Chapter 26

41.8K 1.5K 690
                                    

Cara's P.O.V.

Ever since I met Jae Sun, I felt like all the happiness I built up has become dormant. I haven't felt this conflicted since I choose not to go to medical school after graduating from college.  Every time I thought about Hannah and what my parents wanted, I went through a wide range of emotions. I would go through feelings of despair, sadness, anger and then guilt. All my life I did what my parents wanted because I thought that was what it meant to be a good daughter.

"Cara, become a doctor and then you can protect the family. You can do it, Cara. Jae Sun and Luna can't do it. They're not practical like you. It will be so great to tell people that our daughter is a doctor. We would be so proud." Growing up those words were a constant reminder of what I needed to become.

Like the devoted daughter, I thought I was, I pushed myself into a major I hated. Every time I had to dissect some poor animal,  I had to convince myself to not get sick. Every time I cried because I had a hard time with organic chemistry and how it would be my doom. If I couldn't pass that class then I couldn't graduate. I suffered so much because of it and I didn't dare tell my parents. I couldn't let them know I was failing. I would be a disappointment. I was an anxious mess and had a mental breakdown after taking my last exam.

I sacrificed my happiness and my time for them just so that I could one day become the doctor they wanted. If it wasn't for Tennyson I would probably be in med school right now.  My parents were not happy at first when I decided not to take the MCAT.  They thought I could still write and be in medical school.  Those four years of college took its toll on me and I did not have the strength to go another four years. With my two books, I proved to them that I could be a successful writer and they finally let go of that dream of me being a doctor.

I still have some regret of not going through and becoming a doctor. Disappointing them was something I hated, but I knew I would not survive medical school. It would have killed me. I don't know why I was so into being the dutiful child. My brother did whatever he wanted because he was the boy and he could. My twin sister did not even have that mindset at all. It was her happiness before everything else. She did what she wanted and she would fight whoever stood in her way. Of course, there were times where I wanted to rebel and do what I wanted, but I would always stomp on those feelings because I convinced myself that those feelings were selfish.
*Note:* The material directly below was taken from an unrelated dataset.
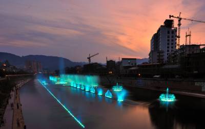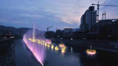 中国最大的内陆河音乐跑泉湖北宣恩县“贡水之滨”音乐跑泉,总投资1300万元,全长350米、宽40米、主喷高70米,设计有水幕电影放映等功能。它以土(家)苗民族音乐为主旋律,以民族特色为跑泉造型的主要元素,是“鄂西生态文化旅游圈”建设的组成部分。宣恩是贡茶之乡,该县正着力将县城打造成小而精、美而特、活而优的宜居、安居、乐居的生态文化旅游城。
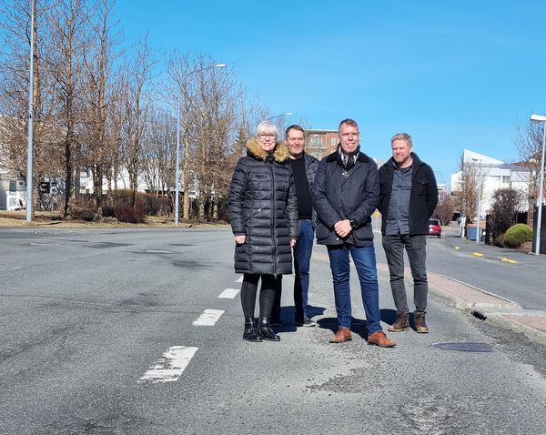 Á myndunum má sjá Ásgerði Halldórsdóttur bæjarstjóra, Ásberg K. Ingólfsson framkvæmdastjóra Malbikunarstöðvarinnar Höfða, Pétur Vilberg Guðnason hjá Strendingi og Brynjar Þór Jónasson sviðsstjóra Skipulags- og umhverfissviðs en þau fóru á framkvæmdastað í kjölfar undirritunar samningsins.

These two years in New York City away from them has been the most peaceful I've been. I felt free for the first time. I didn't have to worry about what my parents wanted. I could just do what made me happy. No more blind dates set up by my mother. No more awkward family gatherings where all I did was stand quietly and wait to be spoken to. Being alone, away from my parents gave me a different kind of joy but being with them and receiving their praise was another type of happiness that I missed.

Hugs and I love you were not something that my parents showed my siblings and me while we grew up. Praise became the equivalent.  Obedience became the way to earn praise and then when school started, grades became another way. As I grew older, I did whatever my parents ask me to do. No was never an option in my mind.  I became Simcheong, I became the dutiful daughter. It was so unfair that all these years of being the filial daughter could be swept away because I was dating a woman. It felt so unreasonable to me. I've done all that I was asked and everything I did would still not be enough for them to accept Hannah and me.

This was so frustrating for me. A part of me wanted to never tell my parents about Hannah, but then the other part of me felt like it wasn't fair to Hannah because it seemed like I was ashamed of her. If I told my parents about Hannah then I wouldn't be their daughter. The thought of not having my parents in my life felt excruciating. I would be a bad daughter and that made me feel guilty.  This whole situation made me scared to go home. I have been ignoring Hannah's calls and or messages because I was afraid. I needed my space to figure out this dilemma.  This wasn't the same issue I had with medical school and writing. The only way I got out of medical school was because of the success of my writing. For now, I was hiding out in a tea shop in Midtown until I could somehow solve this solution.